Уголки идеальных губ м-образной формы многозначительно взлетели вверх. Девушка достала из пачки тонкую сигарету и поместила в рот. Манерно откинувшись на спинку кресла, она закурила и медленно, издевательски смакуя каждый слог, произнесла:

– И что же, ночь была amazing? – мы синхронно заржали.

Я вспомнил достаточно-хорошую-историю, произошедшую несколько месяцев назад:

– Ну, бывает. С кем не бывает. Она всех ломает, это ее фирменный стиль, – Элр подсел ко мне в «Рояле», уже прилично подвыпивший.

Он даже не вел повествование, а просто транслировал внутренние ощущения отдельными репликами. Вроде упавшего с велосипеда ребенка, который лежал на траве, держался за ушибленную коленку и периодически завывал: «Боооольно!»

– Я не могу так с ней попрощаться, – капитан схватил меня за локоть, его пальцы сжимались с отчаянной силой, – после всего… после того, что было между нами! Она… она просто вычеркнула меня! Как будто ничего и не было… Я должен увидеть ее! Хотя бы еще раз. Все объяснить.

Я смотрел на его искреннее, измученное лицо и понимал, что он хочет не решить проблему. Он с горьким упоением мазохиста жаждал получить новую порцию боли. Очередной шприц отравы. Мне было знакомо это чувство.

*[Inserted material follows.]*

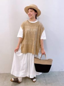 ホワイトコーデ×ニットベスト
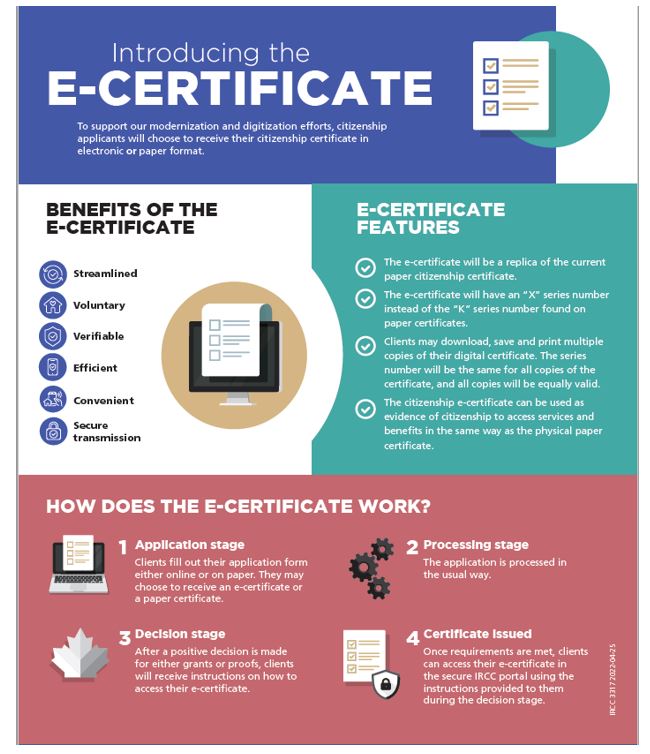The e-certificate initiative will roll out this summer. In this first phase, IRCC will invite applicants to choose whether they wish to receive electronic or paper citizenship certificate. IRCC kindly prepared a graph (please see below) summarizing what the Canadian citizenship applicants can expect in the initial phase:

Капитан еще не знал, что ему не хватит «хотя бы еще раза». Не хватит ночи, дня, ему и вечности будет мало. Наивно, нелогично ему до сих пор казалось, что пары слов достаточно, чтобы все починить. Он пока не подозревал, что словами выходит только ломать.

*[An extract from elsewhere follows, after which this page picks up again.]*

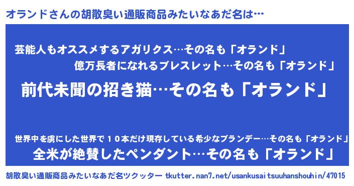| 意味不明あだ名 | 『永久保存オランド』『自称オランド』 |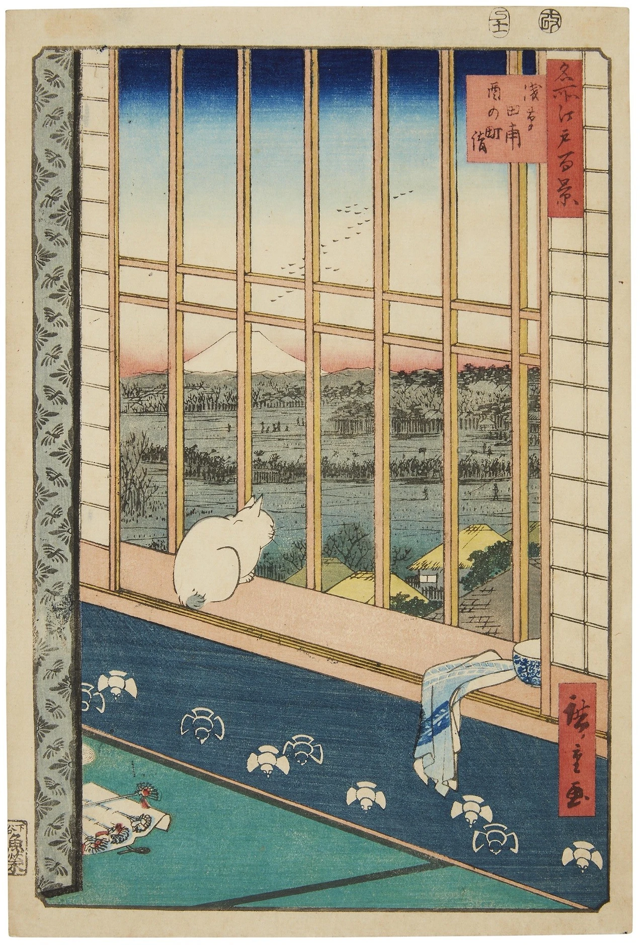 히로시게는 일본에서 가장 많은 작품을 남긴 인기 있는 작가예요. 사회 모든 계층의 삶의 모습과 자연, 풍경을 시적으로 아름답고 섬세하게 묘사했습니다. 그가 살았던 에도시대 말기는 외세의 침략과 기근으로 사회적으로 혼란스러운 시기였지만 그는 의도적으로 불안한 정세는 숨기고 평화로운 모습만 남겼습니다.

– Объяснить что? – фыркнул я, – что ты в нее влюбился? Так она сама об этом знает. Просто не может выносить чужую боль, ей от этого физически плохо. Твои преданные глаза для нее как укор. Лучшее, что ты можешь сделать – это исчезнуть.

– Один раз, – тупо повторял Элр, – последний.

И тут в моей голове, помойном ведре алкогольных и ностальгических отходов, что-то щелкнуло. Не план, не схема, просто жест доброй воли от одного неудачника другому. Я вспомнил, как принцесса вчера вечером зашла в «Роял», натянуто улыбнулась Володе, сделав вид, что не замечает меня. Она тоже страдала, просто ее страдание было истеричным, ядовитым, направленным внутрь себя.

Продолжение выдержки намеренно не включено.